Korba - treebank

Middle Polish Dependency-Constituency Treebank

About the resource

The Middle Polish Dependency-Constituency Treebank was created in 2018-2024. It contains 2,018 syntactically annotated sentences and is still being expanded. Sentences for syntactic marking were selected from the manually annotated subcorpus of the Electronic Corpus of 17^th- and 18^th-century Polish Texts. The current version mostly contains sentences ranging from 10 to 50 tokens in length, selected from prose texts, containing no elements in foreign languages or elements marked as uncertain or unrecognized. The annotation was carried out in the dependency format in accordance with the assumptions of the Polish Dependency Bank http://zil.ipipan.waw.pl/PDB; Wróblewska 2018 i 2020).
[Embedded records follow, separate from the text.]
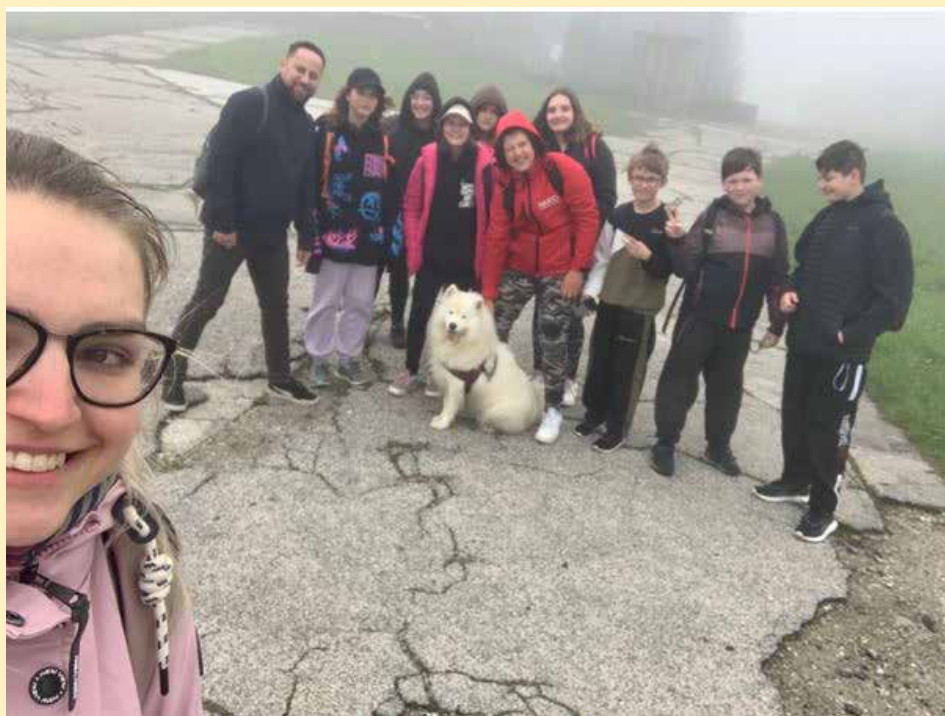
Šestáci na nejvyšším bělokarpatském vrcholu - na Velké Javořině.
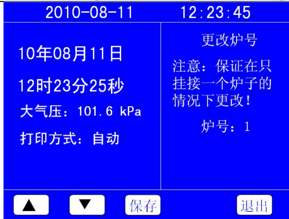
图 6-2 参数设置

用手指触摸（或用触摸笔触摸）要修改的项目；用“▲”、“▼”键，调整选中的数字；调整完毕后按下“保存”键，将当前的调整数值写入仪器；按“退出”键返回画面 6-1。
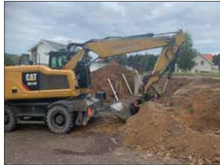
Jordells sätter L-stöd i Kil.
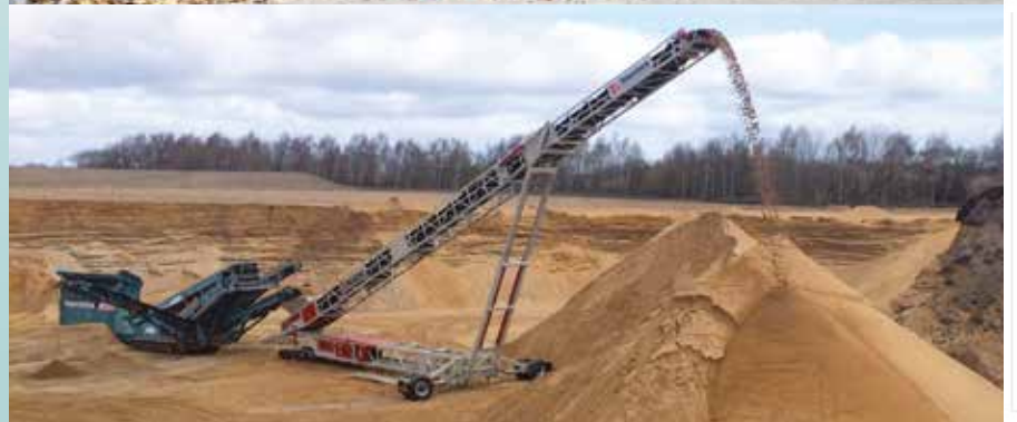
HALDEN & UMSCHLAGEN
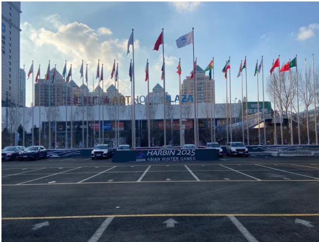
圖 21：選手村(華旗飯店)陳列參賽之各國奧會會旗情形
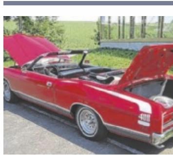
Oldtimertreffen in Pregarten am 7.
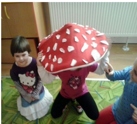
Obr. 11 - Zvířátka zachrání dědečka v lese
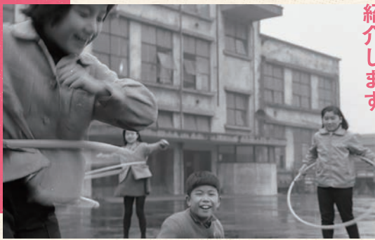
フラフープで遊ぶ子どもたち 昭和36年
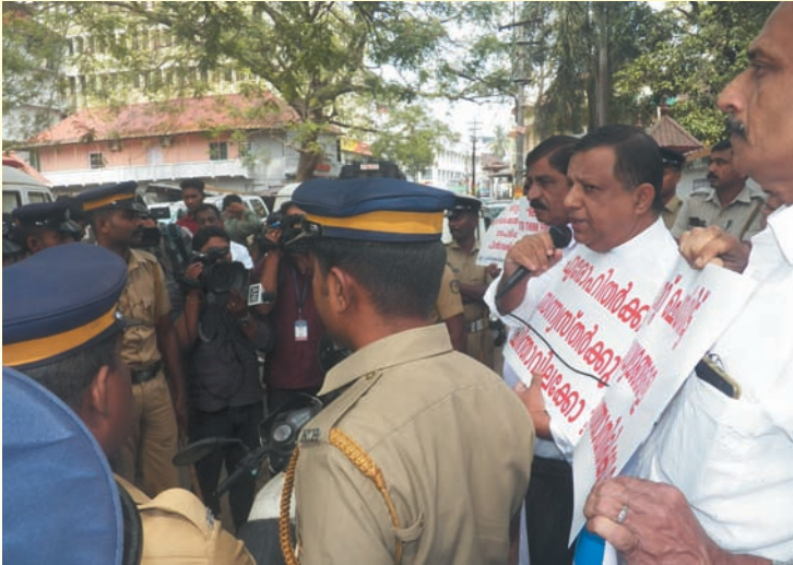
ഇടയലേഖനം കത്തിക്കൽ പരിപാടി-എറണാകുളം

ഴിയിലും താമര വിടരും. ക്രിസ്ത്യൻ ചെളിക്കുഴിയിലും ഇസ്ലാമിക ചെളിക്കുഴിയിലും ഹൈന്ദവചെളിക്കുഴിയിലും. അതുകൊണ്ടുവർ തീവ്രവാദി എന്ന നിരൂപദ്രവകരമായ വാക്കിൽ ചോരക്കൊതി കുത്തി നിറച്ചു.

Then the resource was enriched with constituency information using the Hydra parser according to the concept of K. Krasnowska-Kieraś and M. Woliński (Krasnowska-Kieraś i Woliński 2023 i 2024).

Treebank

The team

Conceptual work and coordination:: Aleksandra Wieczorek

Dependency annotation:: Bożena Itoya; Emanuel Modrzejewski; Martyna Sabała-Bolek; Aleksandra Wieczorek

IT works:: Dorota Komosińska

Consultations:: Alina Wróblewska

Adding the constituency information using the Hydra parser:: Katarzyna Krasnowska-Kieraś; Marcin Woliński

The Arboretum search engine:: Marcin Woliński

Financing

The preparation of the first 1015 sentences was financed as part of the project The extending of the Electronic Corpus of 17^th- and 18^th-century Polish Texts and its integration with the Electronic Dictionary of the 17^th- and 18^th-century Polish (financing: Ministry of Science and Higher Education – National Program for the Development of the Humanities, project number: 0413/NPRH7/H11/86/2018, duration: December 6, 2018 – December 5, 2023). Another 1,003 sentences were annotated as part of the project Introduction to the study of word order in the Middle Polish sentence – the order of the adjective and adjective-like modifier (financing: Ministry of Science and Higher Education – Miniatura, project no.: 2023/07/X/HS2/00111, duration: July 11, 2023 – July 10, 2024). Both projects were performed at the Institute of Polish Language of the Polish Academy of Sciences. The creation of the Arboretum search engine and Hydra parser was financed by the project "Digital Research Infrastructure for the Arts and Humanities" (Dariah.lab, POIR.04.02.00-00-D006/20-00).